So long as no pictures are carried over, output the records below exactly.
─── Data shown ───
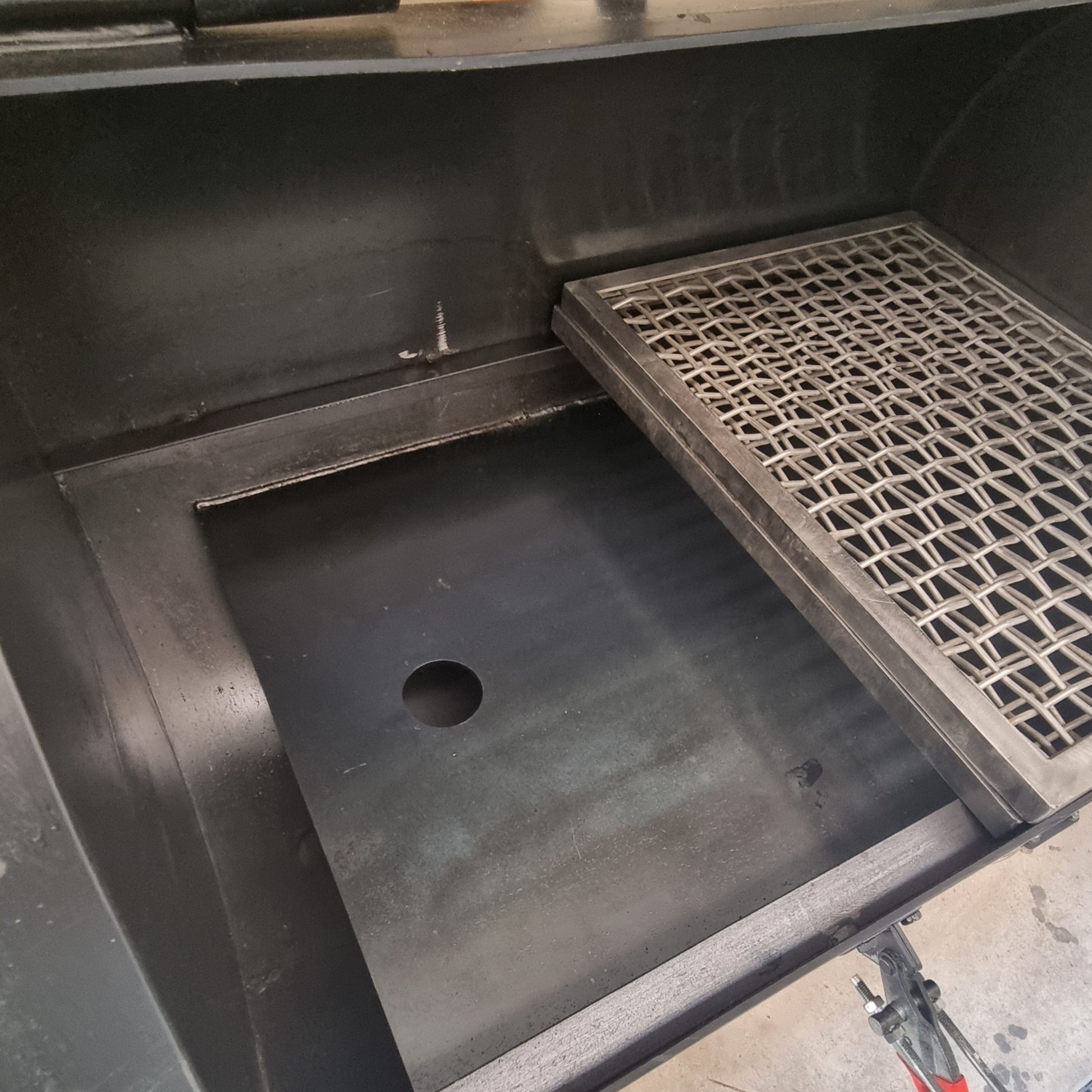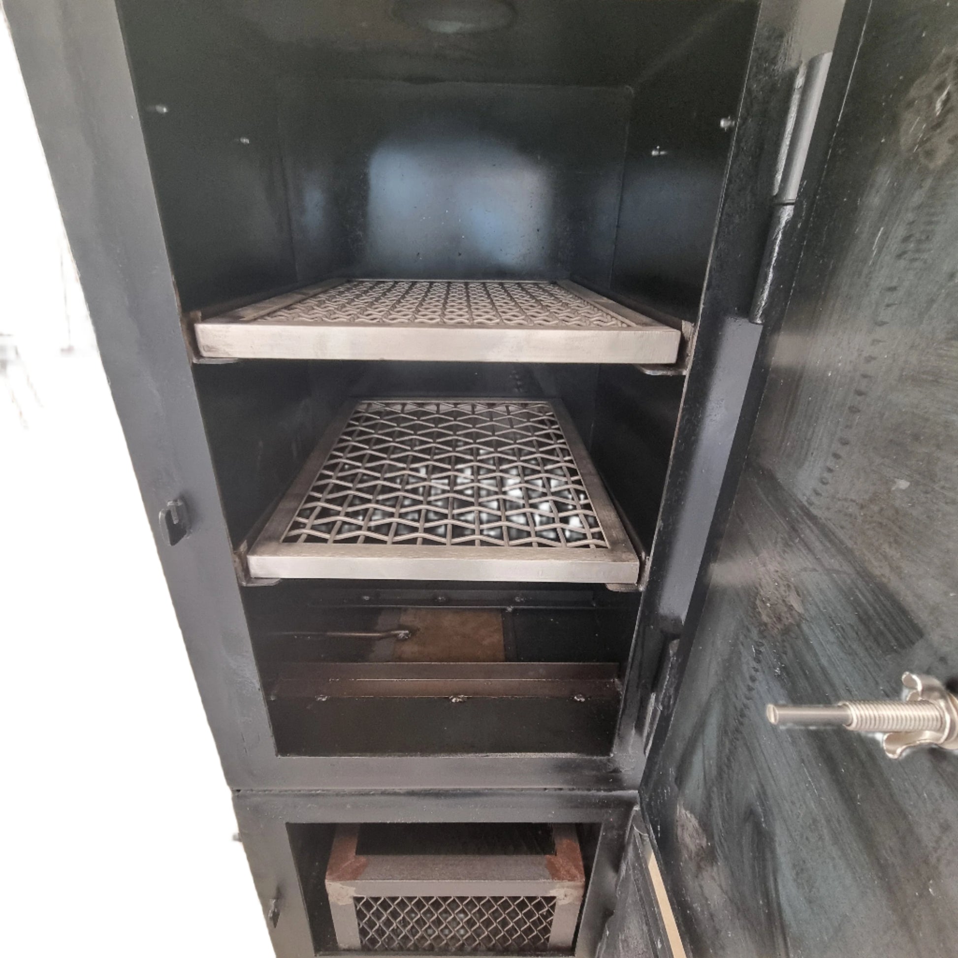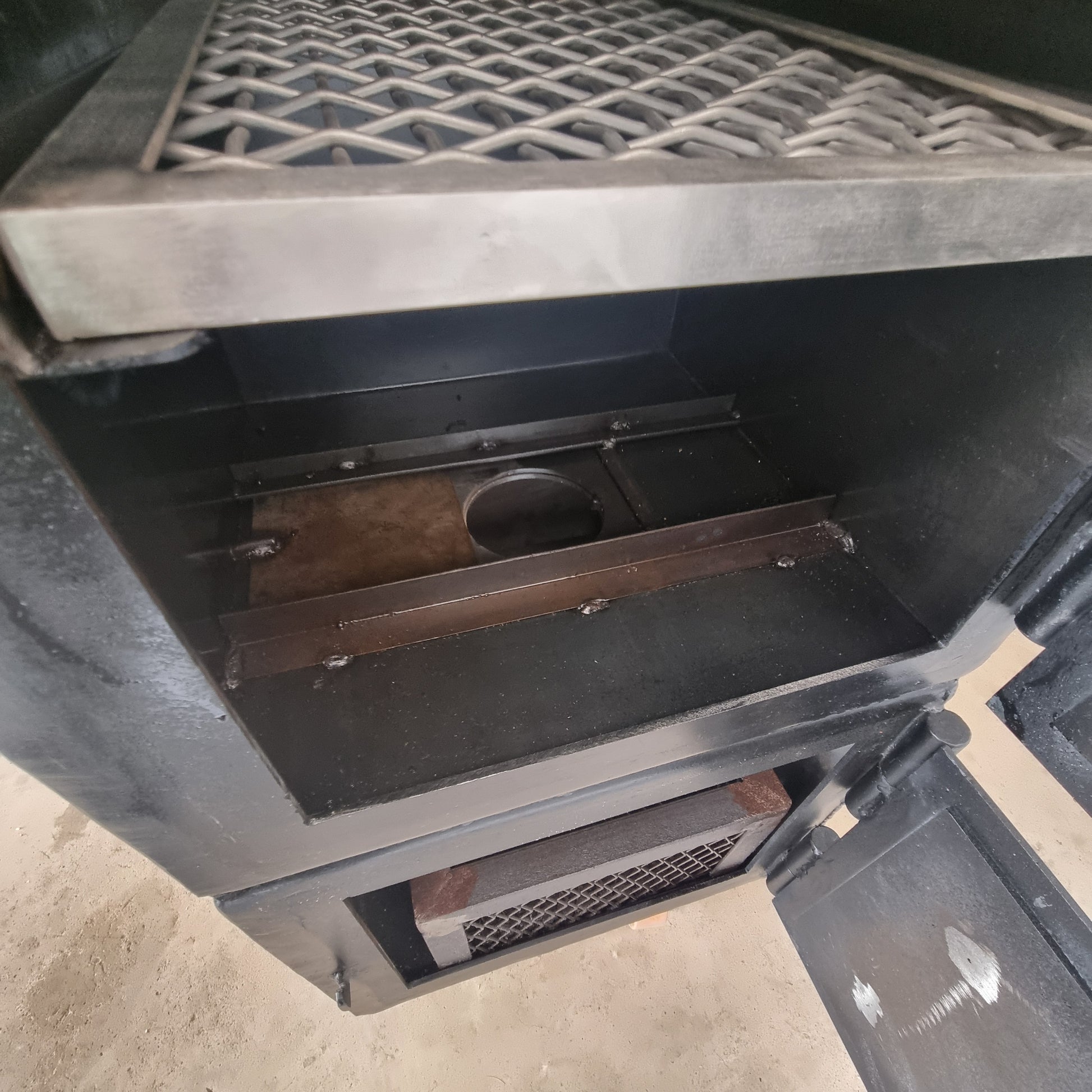Firebox Features – Includes a charcoal box for efficient fuel handling.
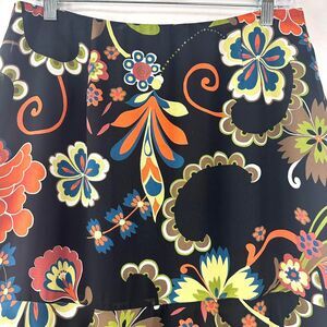 BENTLEY A. Y2K Black Multicolor Floral Midi Skirt Ruffles Womens 8 Fairy Whimsy
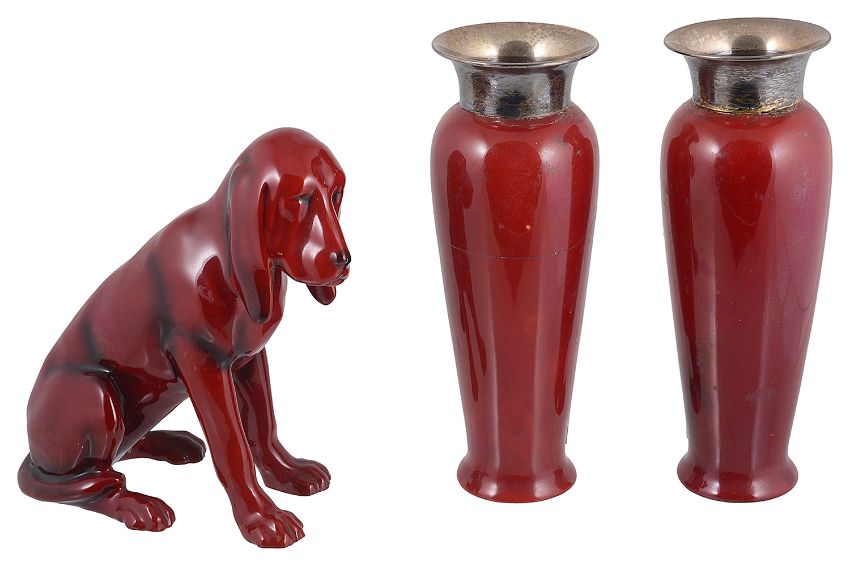 in seated pose, together with a pair of white metal mounted Royal Doulton flambe vases, a/f, (3).
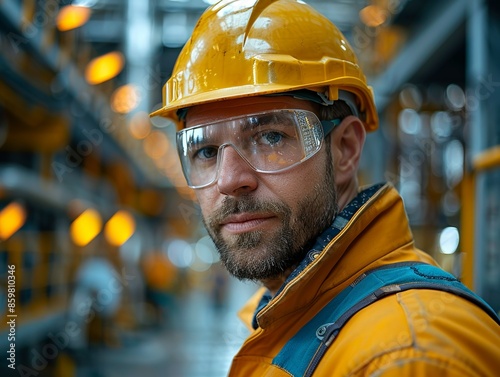 Worker in an oil refinery conducting inspections. Safety protocols, industrial setting. Engineering and manufacturing. Minimalism,
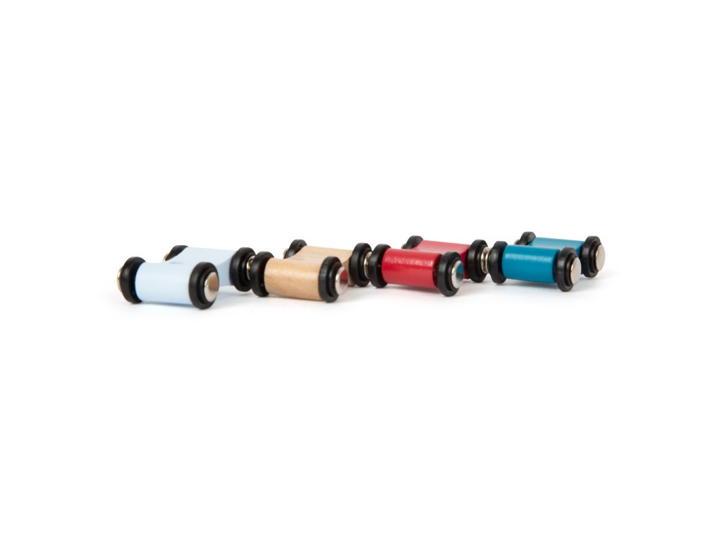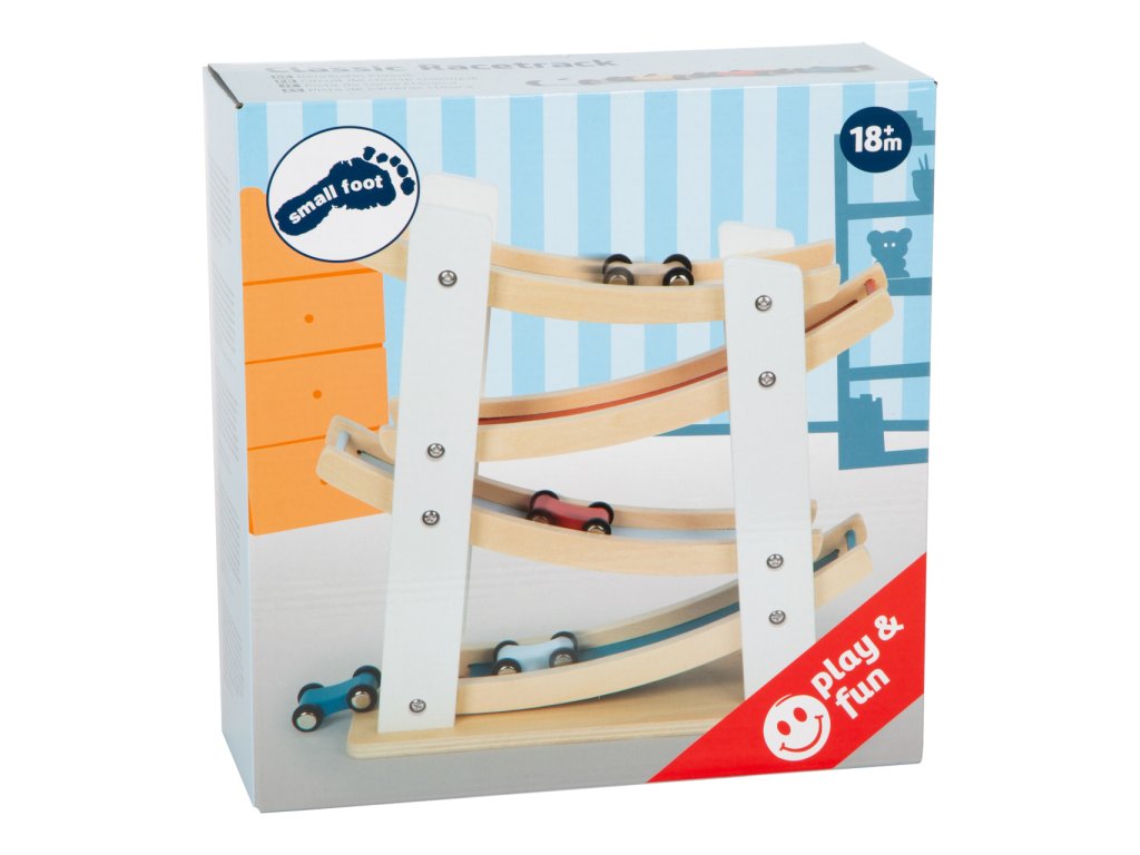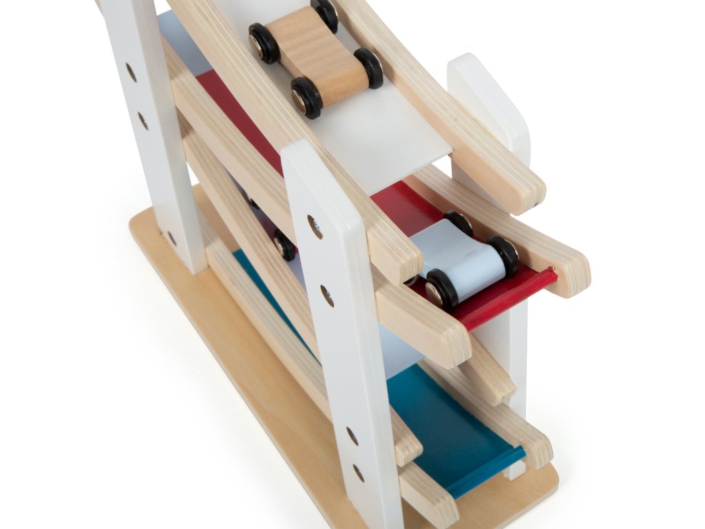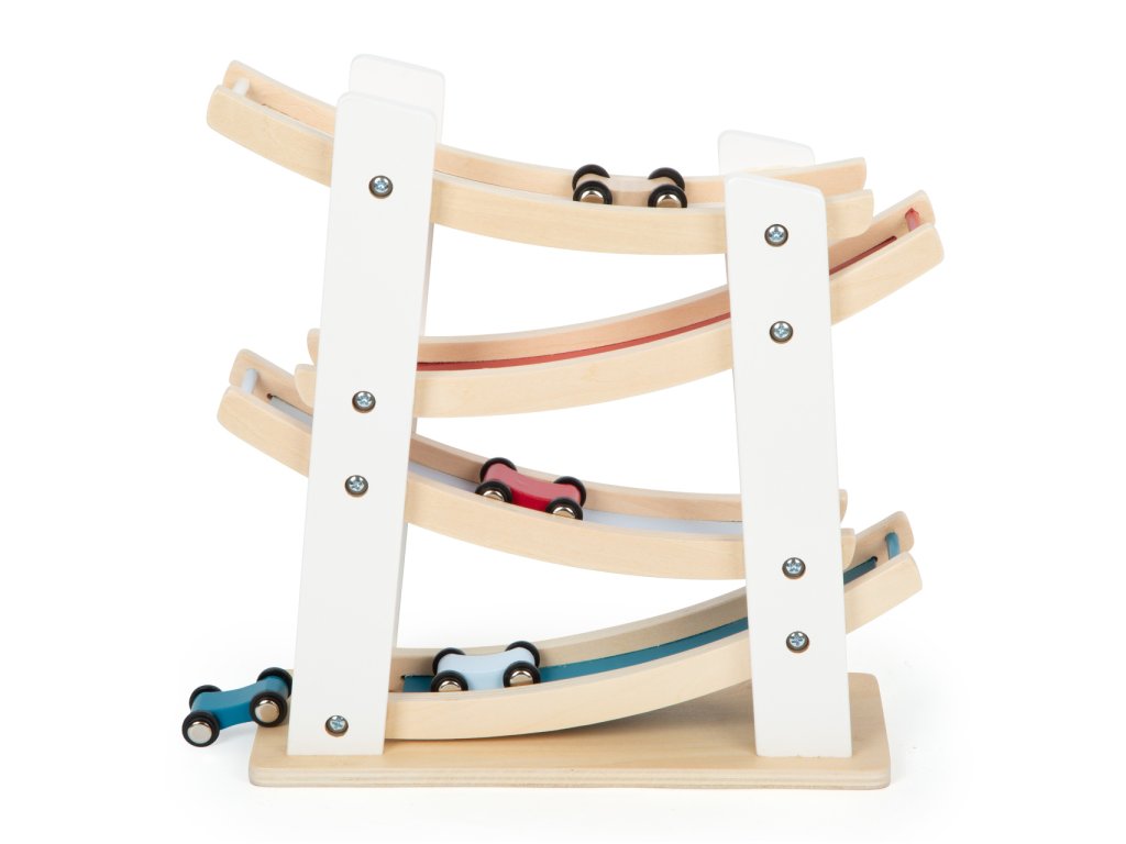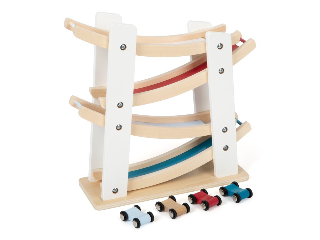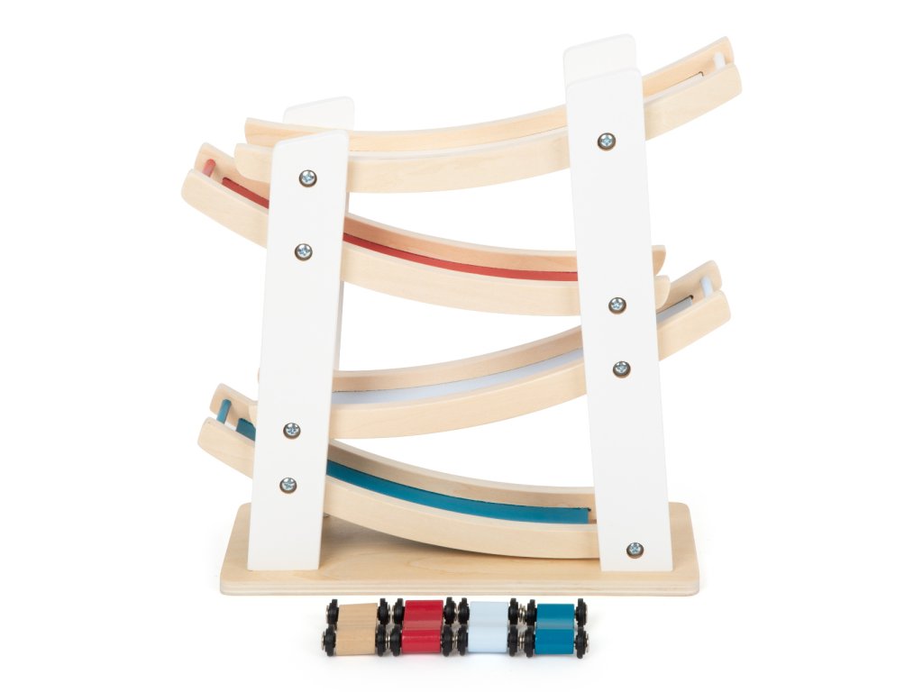 Na značky, připravit, start! Tato dřevěná kaskádová závodní dráha nabízí prostor pro změření rychlosti 4 autíček. Z jednoho patra na druhé, autíčka dělají přemety a jen koukat na ně je zábavné. Dráha je vyrobena z přírodního a bílého dřeva, jedno autíčko je přírodní, zbylé 3 jsou barevné. Hračka rozvíjí motoriku dětí, také koordinaci ruka-oko. Hlavní vlastnosti Přírodní dřevo s barevnými detailyOboustranná autíčka s pogumovanými kolyRozvíjí motoriku a koordinaci ruka-oko
───
### Response to the exercise
Firebox Features – Includes a charcoal box for efficient fuel handling.
 BENTLEY A. Y2K Black Multicolor Floral Midi Skirt Ruffles Womens 8 Fairy Whimsy
 in seated pose, together with a pair of white metal mounted Royal Doulton flambe vases, a/f, (3).
 Worker in an oil refinery conducting inspections. Safety protocols, industrial setting. Engineering and manufacturing. Minimalism,
 Na značky, připravit, start! Tato dřevěná kaskádová závodní dráha nabízí prostor pro změření rychlosti 4 autíček. Z jednoho patra na druhé, autíčka dělají přemety a jen koukat na ně je zábavné. Dráha je vyrobena z přírodního a bílého dřeva, jedno autíčko je přírodní, zbylé 3 jsou barevné. Hračka rozvíjí motoriku dětí, také koordinaci ruka-oko. Hlavní vlastnosti Přírodní dřevo s barevnými detailyOboustranná autíčka s pogumovanými kolyRozvíjí motoriku a koordinaci ruka-oko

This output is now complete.